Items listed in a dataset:
[Start of section]

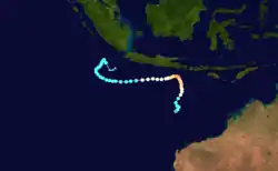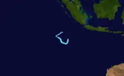 Tropical Cyclone Nicholas originated from a broad area of low pressure associated with a monsoonal trough south of Sumatra on November 25. It tracked south and gradually organized itself and became a tropical cyclone early on November 29. It then began to move east and passed through major shipping routes near Christmas Island, though none of the ships record any extensive winds from the nearby cyclone. Nicholas, while remaining a small system, continued to intensify and by December 3 reached a peak intensity as a category four cyclone with winds of 115 mph (185 km/h) 10-min sustained and a pressure of 945 hPa. Afterwards the cyclone turned almost directly south and gradually weakened. On December 7 the Nicholas's convection began to wane and the system had fully dissipated by that evening.[1]
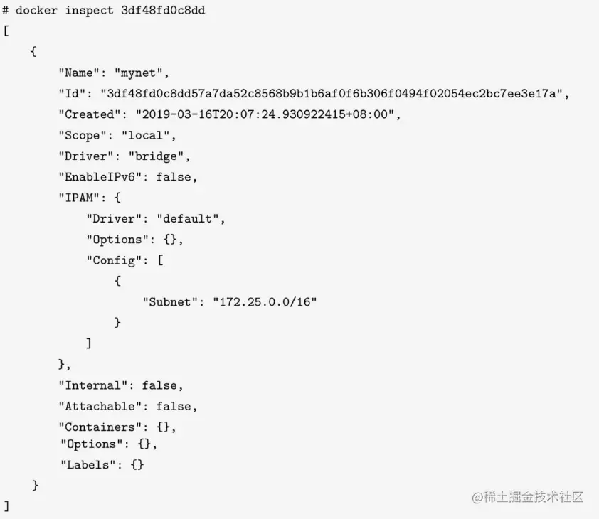 可以使用inspect命令查看某个网络的详细信息:
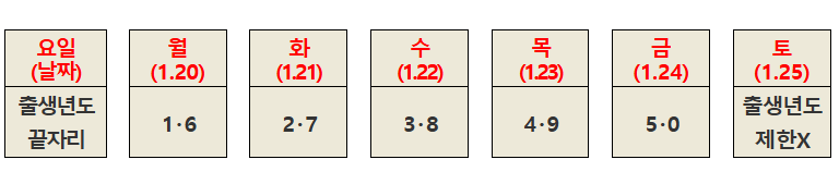 집중신청기간인 1월 20일 월요일 ~ 1월 25일 토요일까지는 5부제 신청이 적용됩니다.
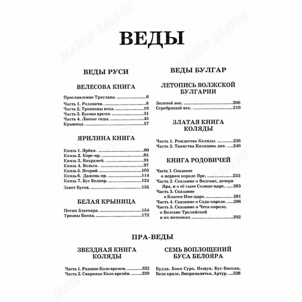 Книга Вед содержит летописи, ведические сказания и эпос Древней Руси, Волжской Булгарии, а также Болгарии Балканской и делится на "Веды Руси" и "Веды Булгар". "Веды Руси" содержат "Велесову книгу" - священное писание славян IX века; "Ярилину книгу" - русколанскую летопись, повествующую об истории Русолани, или Руси Аланской.
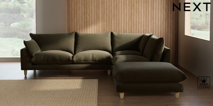 7.3.1 Buy Noa Deep Relaxed Sit Large Open End Corner Chaise - Right Hand Fine Chenille Easy Clean Dark Moss Green High Leg - Light from the Seasons online shop Click here to use our website with more accessibility support, for example screen readers

[End of section]

TRY IT: Copy exactly, please, every line from the one holding "Книга Вед содержит" through the last line of the data, both ends included, and no pictures.

ANSWER BELOW:
 Книга Вед содержит летописи, ведические сказания и эпос Древней Руси, Волжской Булгарии, а также Болгарии Балканской и делится на "Веды Руси" и "Веды Булгар". "Веды Руси" содержат "Велесову книгу" - священное писание славян IX века; "Ярилину книгу" - русколанскую летопись, повествующую об истории Русолани, или Руси Аланской.
 7.3.1 Buy Noa Deep Relaxed Sit Large Open End Corner Chaise - Right Hand Fine Chenille Easy Clean Dark Moss Green High Leg - Light from the Seasons online shop Click here to use our website with more accessibility support, for example screen readers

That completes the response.